## Work instructions
Omitting every picture, copy the lines from the one that contains "Ложки мельхиоровые в" through the last line of the records below, exactly and with nothing added.
──────── Data extracts
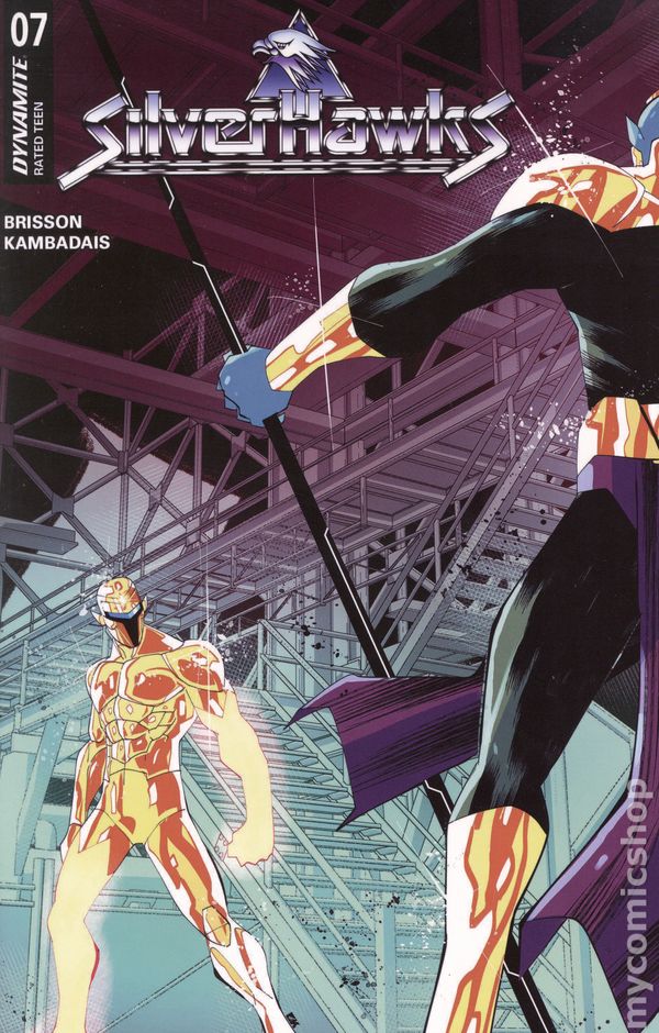 Written by Ed Brisson. Art by George Kambadais. Cover by Manix. TURF WAR! As their clashes with mob boss Mon*Star and his minions continue to escalate, the green recruits of Commander Stargazer's new SilverHawks team begin to come together as an effective fighting force. But when a terrifying new menace emerges that threatens the entire Limbo galaxy, the SilverHawks' hard-earned lessons may prove to be too little - and too late! Honorary lawmen ED BRISSON and GEORGE KAMBADAIS gear up for an intergalactic rumble in SilverHawks #7 - with backup provided by celebrated cover artists JAE LEE & JUNE CHUNG, CAT STAGGS, ALESSANDRO RANALDI, DREW MOSS, LESLEY 'LEIRIX' LI, MANIX, and DAVID COUSENS! 32 pages, full color. Rated T Cover price $4.99.
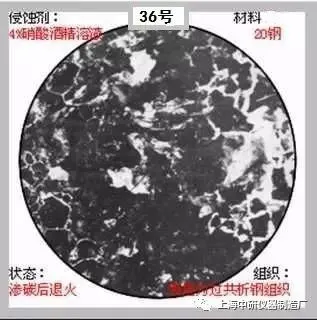 36、渗碳的平衡组织。最表层为过共析层,黑色基体为P,白色网络为Fe3Cll。
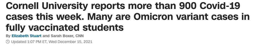 过去一个月美国不断爆发出新的Omicron变种案例,让已经抱有疫情快要结束幻想的美国人民再次感到威胁。本周,康奈尔大学一周内有超过900人确诊新冠,其中包含不少完全接种两针剂疫苗的学生感染Omicron。
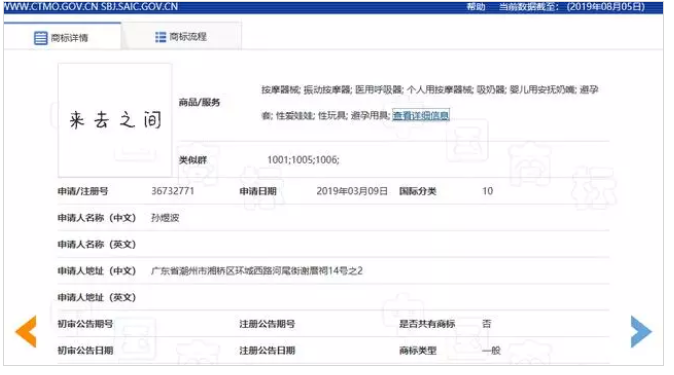 然而,有好事网友却发现“来去之间”也已经被注册了商标,在中国商标局官网上查询发现,商标被注册成国际分类10号所属商标,商品服务种类包括“按摩器械、振动按摩器、避孕套、性爱娃娃”等等。申请注册时间是2019年3月9日。
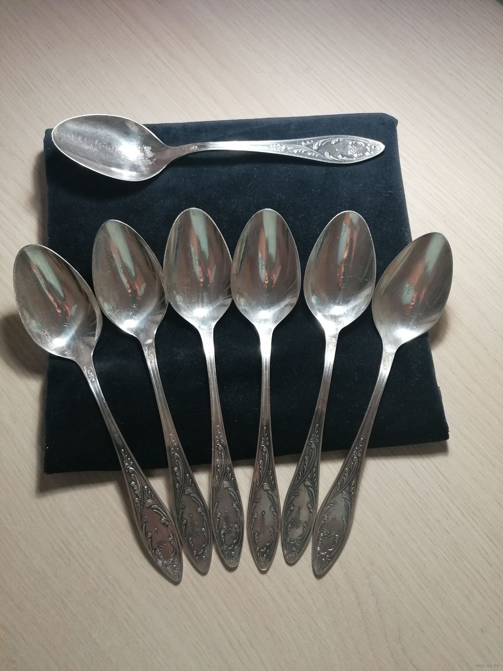 Ложки мельхиоровые в количестве 7 штук производства Кольчуг-Мицар с характерным рисунком "Пламя", дополненные символикой "Олимпиада 80", произведены в 1979 году. Редкая серия для истинных любителей мельхиора.
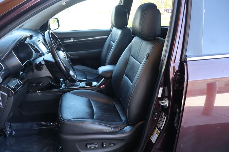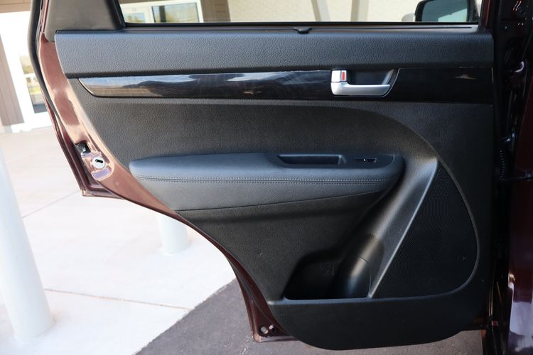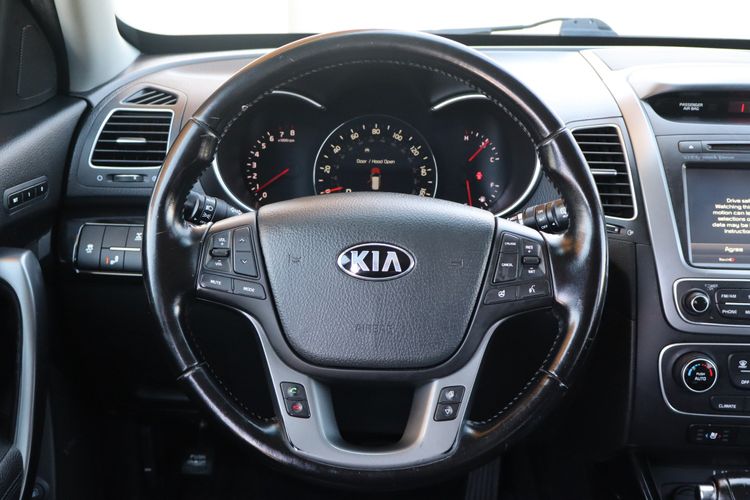 The 2014 Kia Sorento SX is a midsize SUV that combines performance, comfort, and versatility. Equipped with a 3.3-liter V6 engine producing 290 horsepower and 252 lb-ft of torque, it offers responsive acceleration and a towing capacity of up to 3,500 pounds. The Sorento SX achieves an EPA-estimated fuel economy of 18 mpg in the city and 24 mpg on the highway. Inside, the Sorento SX features leather seats, a panoramic sunroof, and an 8-inch touchscreen with navigation. Safety features include a rearview camera and blind-spot detection. With seating for up to seven and ample cargo space, the Sorento SX is well-suited for families seeking a reliable and stylish SUV.
────────────────
## Completed exercise
 Ложки мельхиоровые в количестве 7 штук производства Кольчуг-Мицар с характерным рисунком "Пламя", дополненные символикой "Олимпиада 80", произведены в 1979 году. Редкая серия для истинных любителей мельхиора.
 The 2014 Kia Sorento SX is a midsize SUV that combines performance, comfort, and versatility. Equipped with a 3.3-liter V6 engine producing 290 horsepower and 252 lb-ft of torque, it offers responsive acceleration and a towing capacity of up to 3,500 pounds. The Sorento SX achieves an EPA-estimated fuel economy of 18 mpg in the city and 24 mpg on the highway. Inside, the Sorento SX features leather seats, a panoramic sunroof, and an 8-inch touchscreen with navigation. Safety features include a rearview camera and blind-spot detection. With seating for up to seven and ample cargo space, the Sorento SX is well-suited for families seeking a reliable and stylish SUV.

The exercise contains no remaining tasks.